Task brief
Please print nothing but the lines from the one containing "여러 상자를 가지고 결합해" to the final line below, exactly, and no pictures.
··· Information shown ···
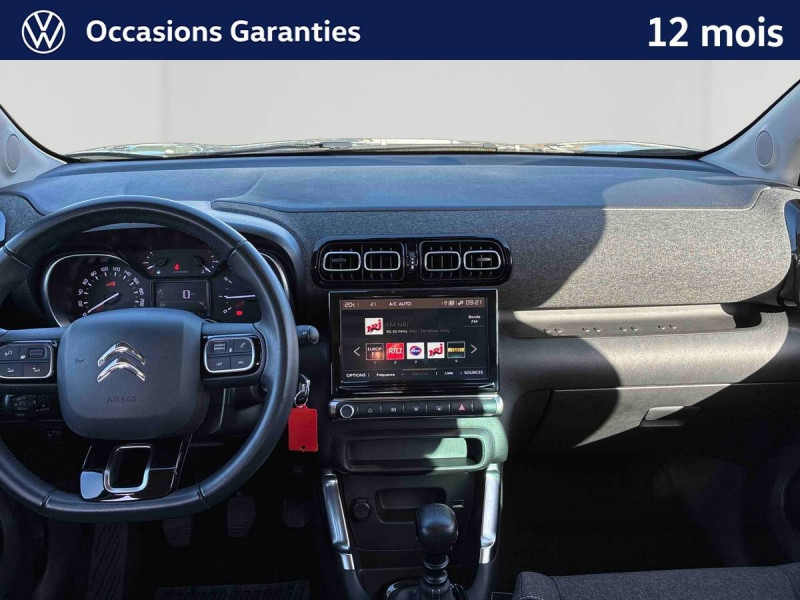 ABS avec REF, AFU et ESP / Barres de toit Noir Brillant / Citroën Connect Nav sur tablette tactile 9'': comprend le système de navigation TomTom, la reconnaissance vocale et durant 3 ans les services Connect Nav (inclut les services « Zones de danger », « Info Trafic », « Stations-service », « Parkings », « Météo » et « Recherche locale »). / Décors extérieurs Noir Brillant / Détection de sous-gonflage / Elargisseurs d'ailes et bas de caisse Noir Mat / Enjoliveurs de projecteurs Noir Brillant / Frein à main avec insert chrome / Jantes alliage 16" X CROSS Diamantées / Kit de dépannage provisoire de pneumatiques / Mirror Screen / Pack Auto / Pack Color Shiny Black / Pack Safety - Active Safety Brake - Alerte active de Franchissement Involontaire de Ligne - Alerte Attention Conducteur - Alerte Risque Collision - Coffee Break Alert - Reconnaissance des panneaux de vitesse et recommandation - Régulateur-limiteur de vitesse - Témoin de non-bouclage des ceintures de sécurité conducteur et passagers / Plancher de coffre escamotable / Poignées de portes extérieures couleur caisse / Prise 12 V à l'AR de console centrale / Prise 12 V en AV de console centrale / Projecteurs antibrouillard LED avec éclairage statique d'intersection / Rehausse de siège conducteur / Sabots de protection AV et AR Gris Anthra / Système audio numérique (DAB) MP3 6 HP / Tissu Mica Grey / Vitres et lunette AR surteintées - Chrome in glass
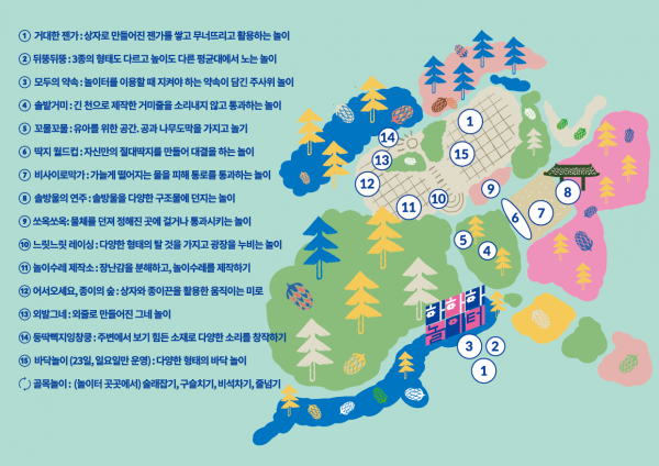여러 상자를 가지고 결합해 움직이는 미로를 제작하는 ‘어서오세요, 종이의 숲’ 물이 나오는 구조물을 뛰거나 점프해서 피해 다니는 ‘비 사이로 막 가’ 종이상자로 하는 ‘거대한 젠가’ 장난감을 분해하고 조립하는 ‘놀이 수레 제작소’ 등이다.
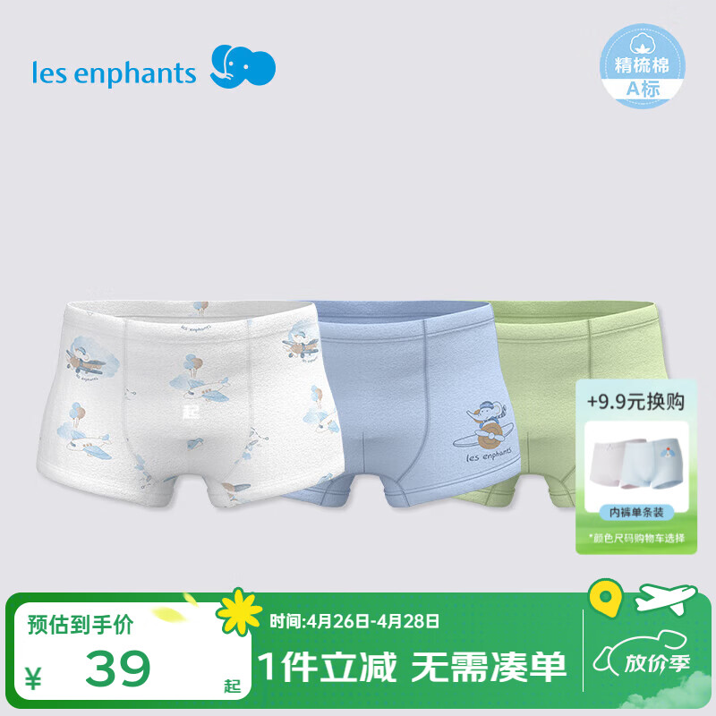 丽婴房(Les enphants)儿童内裤纯棉内裤男女童内裤四角不夹PP中大童平角裤抗菌三条装 活力飞行-男童(5A抗菌纯棉) 3条 90 CM/2岁
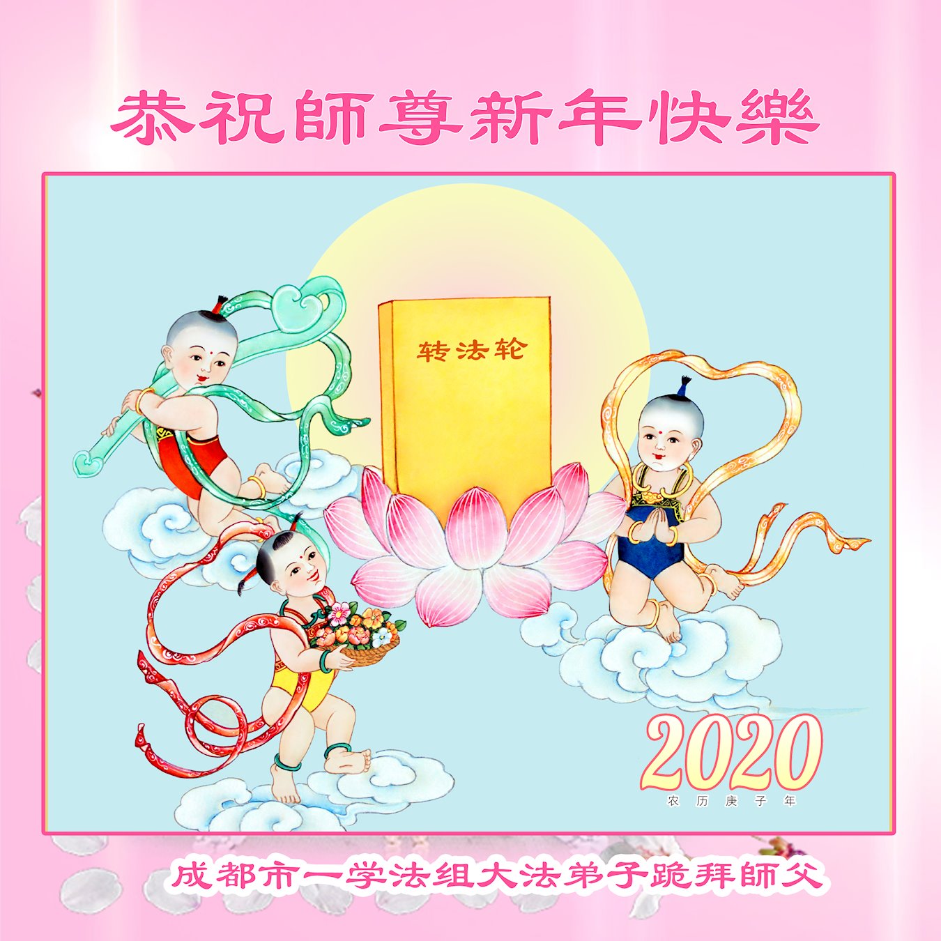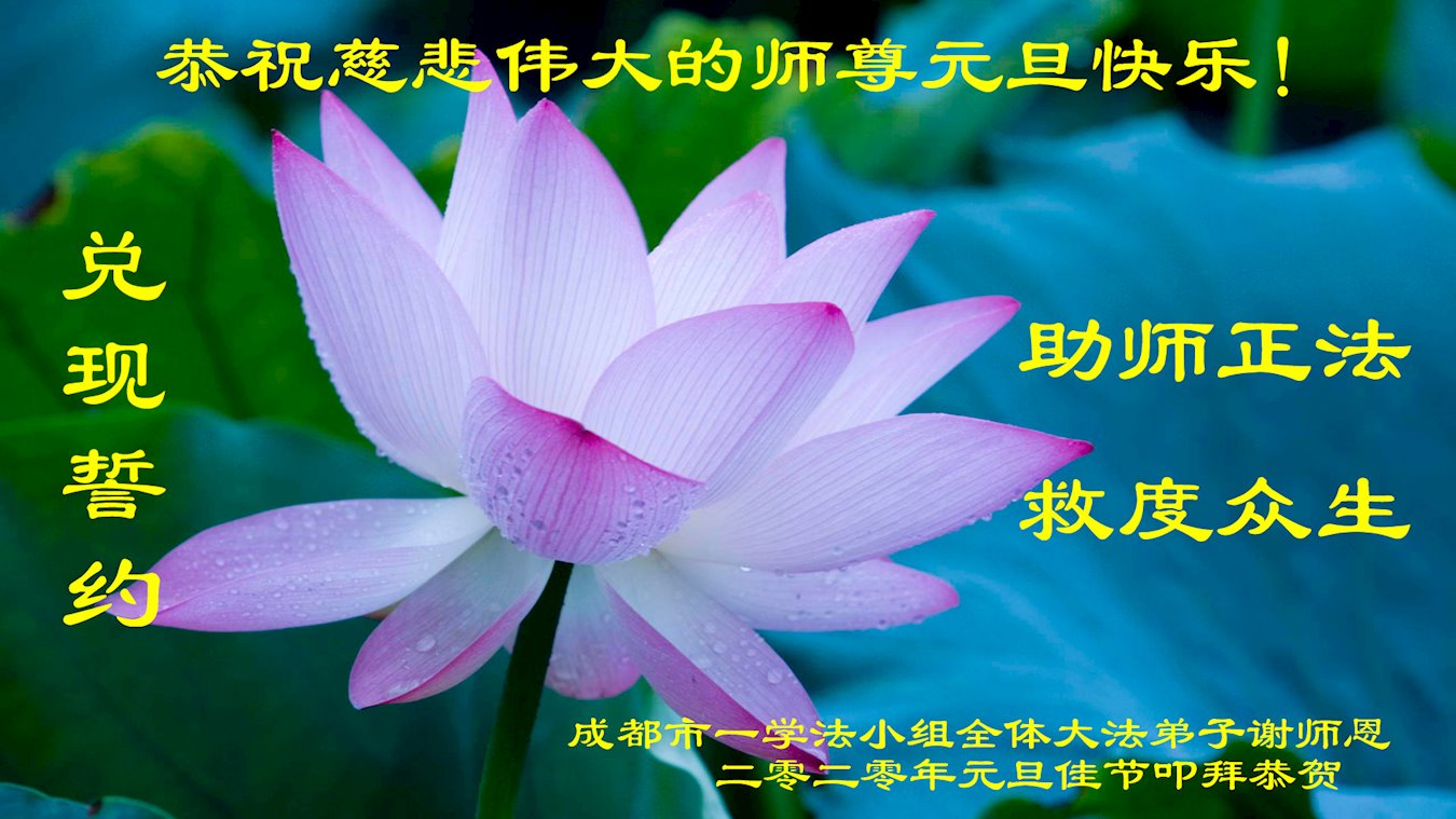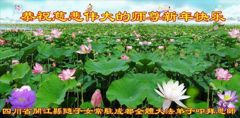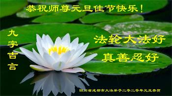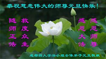 四川成都市一學法組大法弟子向慈悲偉大的師尊新年快樂!
···
Response area
여러 상자를 가지고 결합해 움직이는 미로를 제작하는 ‘어서오세요, 종이의 숲’ 물이 나오는 구조물을 뛰거나 점프해서 피해 다니는 ‘비 사이로 막 가’ 종이상자로 하는 ‘거대한 젠가’ 장난감을 분해하고 조립하는 ‘놀이 수레 제작소’ 등이다.
 丽婴房(Les enphants)儿童内裤纯棉内裤男女童内裤四角不夹PP中大童平角裤抗菌三条装 活力飞行-男童(5A抗菌纯棉) 3条 90 CM/2岁
 四川成都市一學法組大法弟子向慈悲偉大的師尊新年快樂!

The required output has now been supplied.